Toutefois, force est de constater, en premier lieu, à la lecture des conditions générales, que le syndrome dépressif avec hospitalisation ne figure pas au nombre des cas d’exclusions des garanties du contrat

Il convient également d’observer qu’à la suite du signalement par Madame Y., dans le questionnaire de santé, d’un accident survenu en mars 1999 (soit dans les cinq années précédant l’adhésion), la compagnie d’assurances avait simplement décidé à réception de la demande d’adhésion d’exclure des garanties les conséquences de cet accident.

Or, si l’on peut supposer qu’une décision similaire aurait pu être prise en cas de déclaration du syndrome dépressif remontant à dix ans, cela n’aurait pas empêché Madame Y. de bénéficier de la garantie qu’elle revendique présentement, dès lors qu’il est constant que l’incapacité dont elle se prévaut, est consécutive à un accident de la voie publique survenue le 11 décembre 2002.

En tout cas, la Caisse Nationale de Prévoyance n’indique pas davantage la majoration de prime qu’aurait éventuellement pu entraîner la connaissance de cet antécédent.

Il résulte de l’ensemble de ces éléments que la sanction de réduction de l’indemnité prévue à L. 113-9 alinéa 3 du Code des Assurances n’est pas applicable en l’espèce.
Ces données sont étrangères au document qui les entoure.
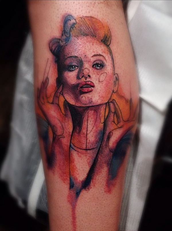 素描式彩色女子脸纹身图案
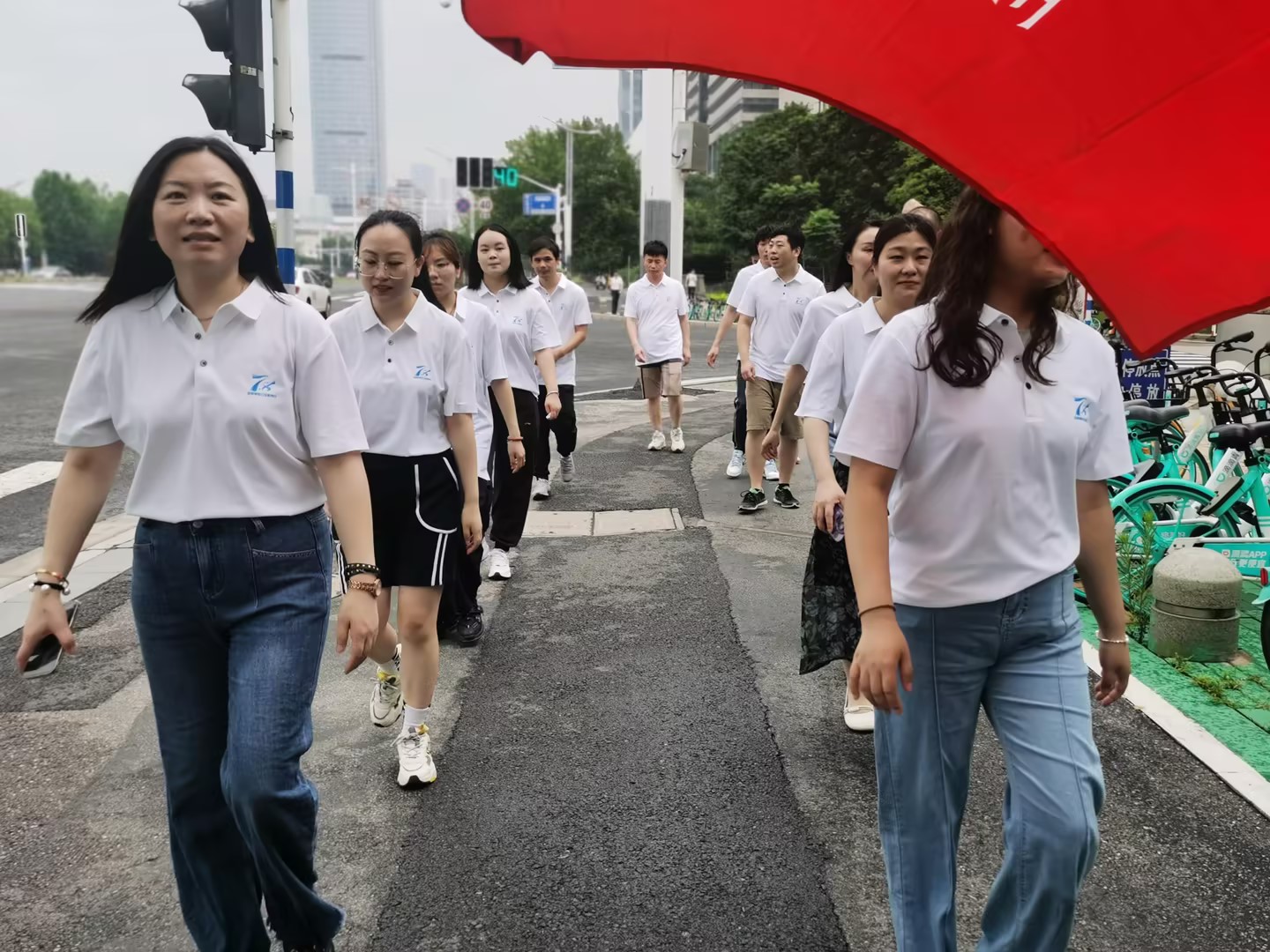 绿色环保跑。分公司全体内勤在金融城开展“唱响新征程,绿色环保跑”活动。全体人员身着7.8白色POLO衫,以饱满的精神、矫健的步伐,一路齐唱“没有共产党,就没有新中国”“团结就是力量”“打靶归来”等红歌,用歌声抒发感党恩、听党话、跟党走的决心,展现江苏长城人贯彻党的二十大精神、“奋进新征程、建功新时代”的昂扬风貌。
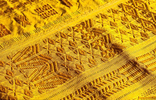圍巾用了100萬只來自馬達加斯加的雌性蜘蛛,它們吐出的絲出名金黃及堅韌。這些蜘蛛無毒,工人小心地將它們分開擺放,以防它們吃了對方或逃走。織布工人然后抽出掛在蜘蛛吐絲器的細絲,而每只蜘蛛可以吐出達400碼(約365米)的金線。每個器具的24條細絲接著會以手搓成一條線,然后結合另外3條這樣的線再搓,便可以用來編織。
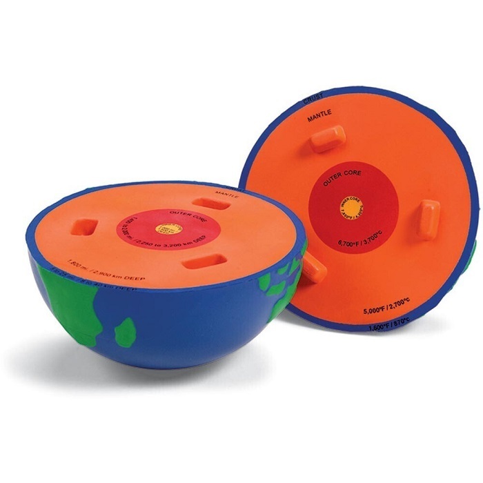 Шар поделен на два скрепляющихся между собой полушария, где можно увидеть внутреннее строение планеты: ее слои и ядро с указанием их наименований и температуры.
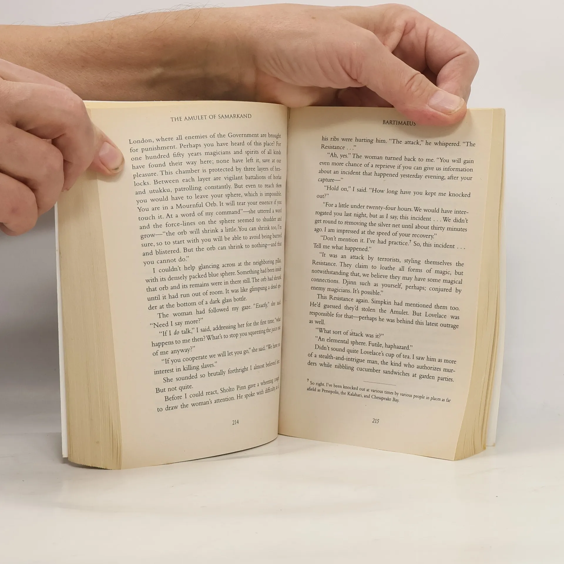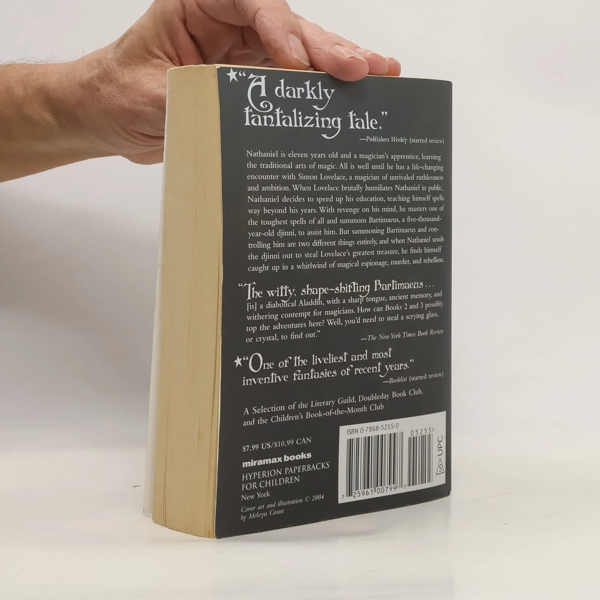 Nathaniel, a magician's apprentice, summons up the djinni Bartimaeus and instructs him to steal the Amulet of Samarkand from the powerful magician Simon Lovelace

Alors qu’aux termes des conditions générales du contrat souscrit la garantie est due (rubrique « Incapacité temporaire totale ») lorsque l’assuré se trouve, à la suite d’un accident ou d’une maladie, dans l’incapacité, reconnue médicalement, d’exercer une activité quelconque, professionnelle ou non, même à temps partiel, Madame Y. justifie par un certificat médical du 1er février 2006, se trouver depuis l’accident de la voie publique survenu le 11 décembre 2002 dans une situation d’incapacité totale de travail, avec impossibilité de reprendre le travail depuis lors, sans que la Caisse Nationale de Prévoyance ne vienne à aucun moment apporter sur le plan médical une quelconque contradiction à ces constatations.

Le délai conventionnel de franchise étant expiré à la date à partir de laquelle Madame Y. demande sa prise en charge au titre de la garantie ITT (1er janvier 2004), il convient de faire intégralement droit à sa demande, y compris, à titre de dommages-intérêts, au paiement des intérêts sur les échéances qu’elle a effectivement acquittées depuis janvier 2004.

Il est équitable d’allouer à Madame Y., en application de l’article 700 du Nouveau Code de Procédure Civile, une indemnité au titre des frais, non compris dans les dépens, qu’elle a dû exposer pour assurer sa défense en première instance et en cause d’appel.

 

DISPOSITIF (décision proprement dite)                             (N.B. : mention ne figurant pas sur l’original)

DÉCISION

PAR CES MOTIFS :

La Cour,

Infirme en toutes ses dispositions le jugement rendu le 23 octobre 2006 par le Tribunal de Grande Instance de BOURG EN BRESSE ;

Et statuant à nouveau,

Dit que la Caisse Nationale de Prévoyance devra prendre en charge au titre de la garantie ITT le montant intégral des échéances du prêt souscrit par Madame Y. auprès de la Caisse Agricole des Savoie et ce, à compter du mois de janvier 2004 ;

L’y condamne en tant que de besoin ;

Condamne en outre la Caisse Nationale de Prévoyance à régler à Madame Y. l’intérêt au taux légal de toutes les échéances qu’elle a effectivement acquittées depuis janvier 2004 au titre de l’emprunt immobilier et ordonne la capitalisation de ces intérêts selon les conditions prescrites à l’article 1154 du Code civil ;

Condamne le Caisse Nationale de Prévoyance à payer à Madame Y. une indemnité de 2.500 € sur le fondement de l’article 700 du Nouveau Code de Procédure Civile ;

Condamne la Caisse Nationale de Prévoyance aux dépens de première instance et d’appel et autorise l’avoué de son adversaire à recouvrer directement contre elle les sommes dont il a fait l’avance sans avoir reçu provision suffisante.